The Farmer (Empowerment and Protection) Agreement of Price Assurance and Farm Bill, 2020 gives legal sanctity to contract farming. According to this, farmers can enter into a contract with agribusinesses firms, wholesalers and private companies for sale of future farming produce at a pre- agreed price.
This is also a measure that will benefit big corporate houses more than the farmers, as individual farmers lack resources and capital to bargain on equal terms with them. This Bill doesn’t solve the problems related to informal contract agreements of sharecropping and tenancy that are widespread in the country. 
Farmers will have little bargaining power if they have to individually deal with big corporates, whose profits govt wants to facilitate
Because of this ordinance, the farmer will become a labourer on his own land. This will also create environmental challenges, as big companies are likely to exploit the natural resources of the area in order to make profits. This bill takes away the rights of the state governments to permit for contract farming.
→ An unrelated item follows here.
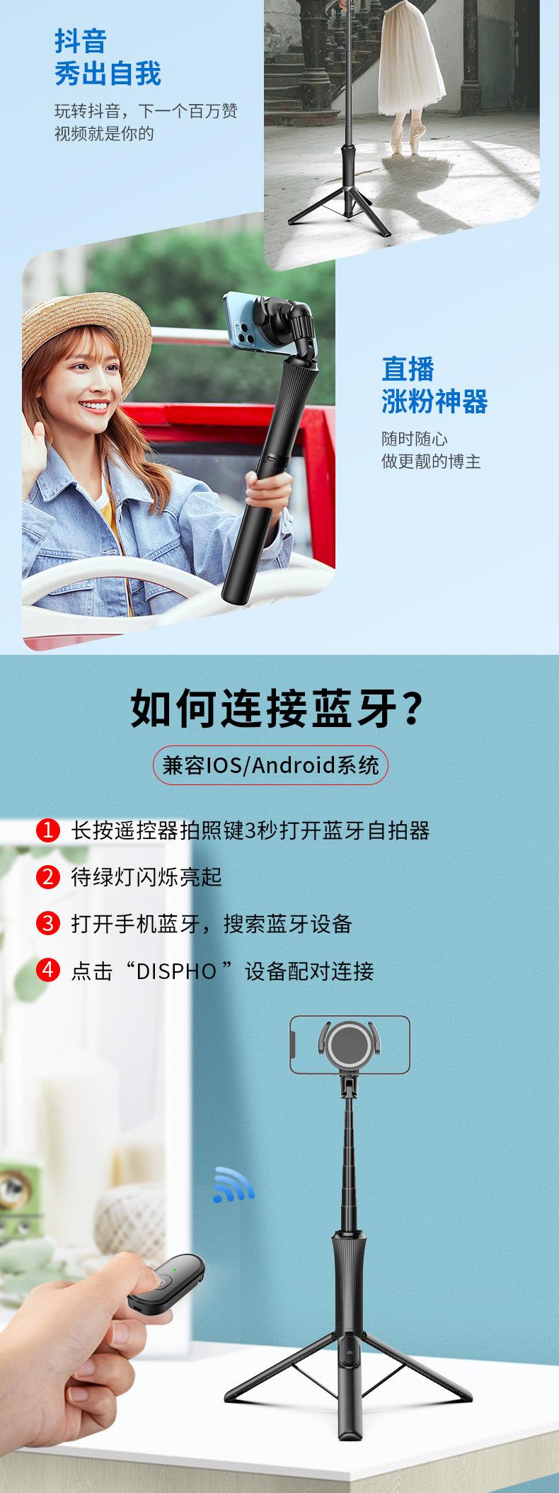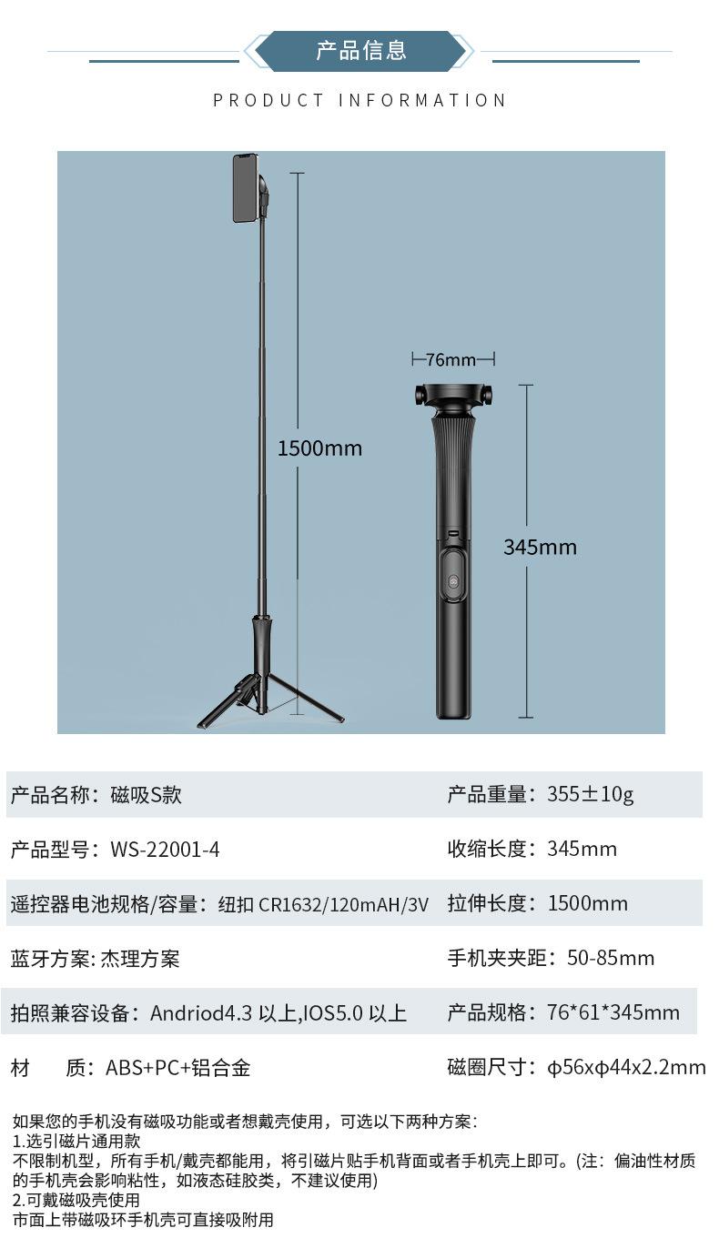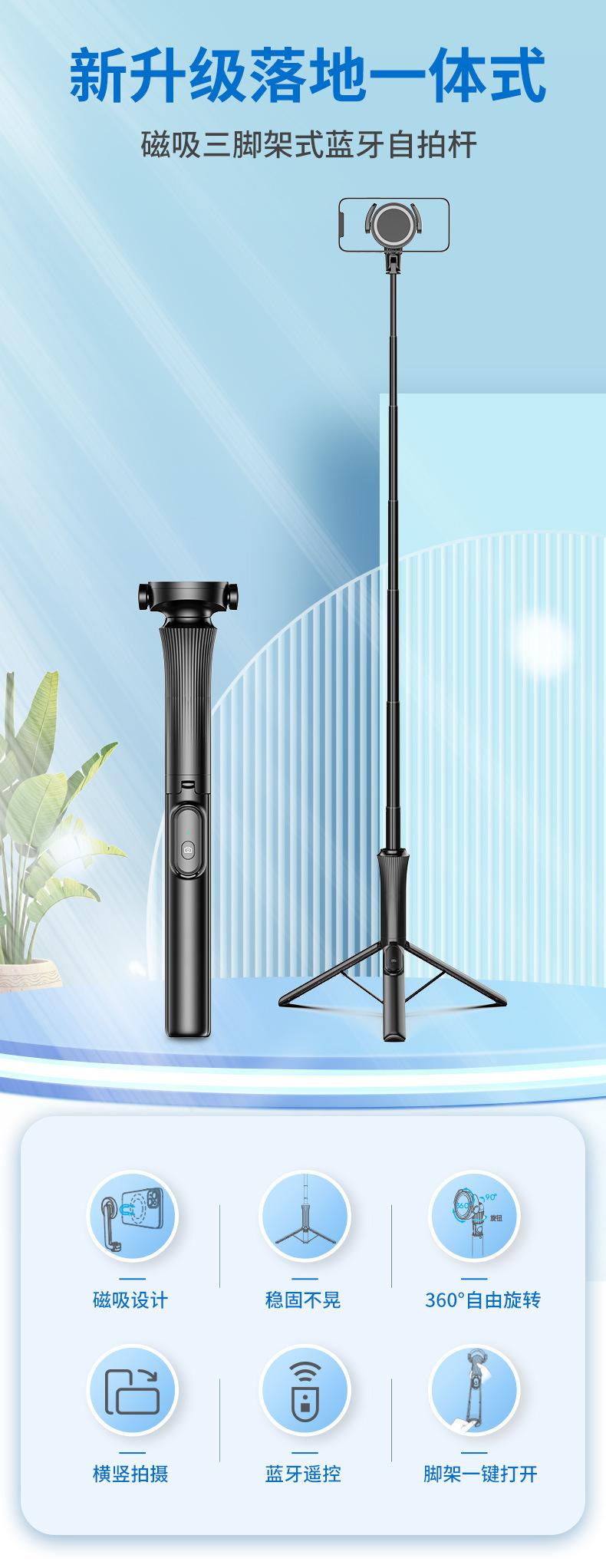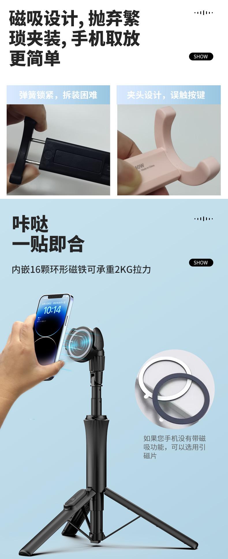 Palo de selfie para teléfono móvil, soporte magnético en vivo, trípode de fotos con Bluetooth, mini varilla telescópica para disparo, artefacto al por mayor

It also does not provide farmers the right to receive MSP for their produce, and this will bring imbalance in food grain prices.
The Essential Commodities (Amendment) Bill, 2020 is also equally dangerous as it removes any limit on the quantity of foodgrains that can be stocked allowing big traders to hold huge stocks to make profits at times of price rise. 
Traders can now hoard any quantity of potatoes, onions, food grains, oilseeds and create a false shortage of commodities and then sell it at high prices. In the past we have seen many such examples in the country because of which not just farmers are at a loss but the consumers also have to pay a high price.
As per this Amendment Bill government will only consider thinking about deciding on a limit for hoarding, when the price of perishable items and food grains will rise by more than 100 percent and 50 percent respectively. It is strange that the government is bringing in legislation restricting itself. Over 80 crore people in India depend on the Public Distribution System.
It is very clear that all these provisions are against the system of public distribution and these bills will push this important social security programme towards closure. We therefore make the following demands:
  • The Right to Food Campaign opposes all these three farm bills passed by the Parliament and urges the President of India to not give his approval to these bills.
  • The Right to Food Campaign believes that the Union Government instead of protecting the rights of farmers by giving appropriate price for farm produce, strengthening mandis and ensuring a system of MSP in all places is pushing 75 crore Indians dependent on agriculture towards an uncertain life and livelihood. 
  • The Campaign demands that the Union Government increases the MSP for agriculture produce to 150 percent of cost, backed by the law. There should be special arrangements to buy farm produce at MSP from women farmers. 
  • The Campaign also demands that the government should develop mandis at every block level under the decentralized procurement system. Facilities of storing foodgrains should be made available at the village and panchayat level and purchase of agriculture produce from small and medium farmers should be prioritized. 
  • Coarse grains, pulses and edible oil should be made legal entitlements under the public distribution system and must be procured at MSP. 
  • The Food Corporation of India (FCI) was created to save Indians from hunger. Despite the additional grains being provided as part of covid relief, the additional budgetary provision for FCI in the supplementary budget is only Rs 10,000 crore. This continuous underfunding of the FCI weakens it and has been pushing it into huge debt. 
  • We demand that the Government of India should provide adequate budget to strengthen the system of FCI and should ensure that private companies and corporates should not interfere in the functioning of FCI, as has been done recently for storage facilities with Adani Logistics.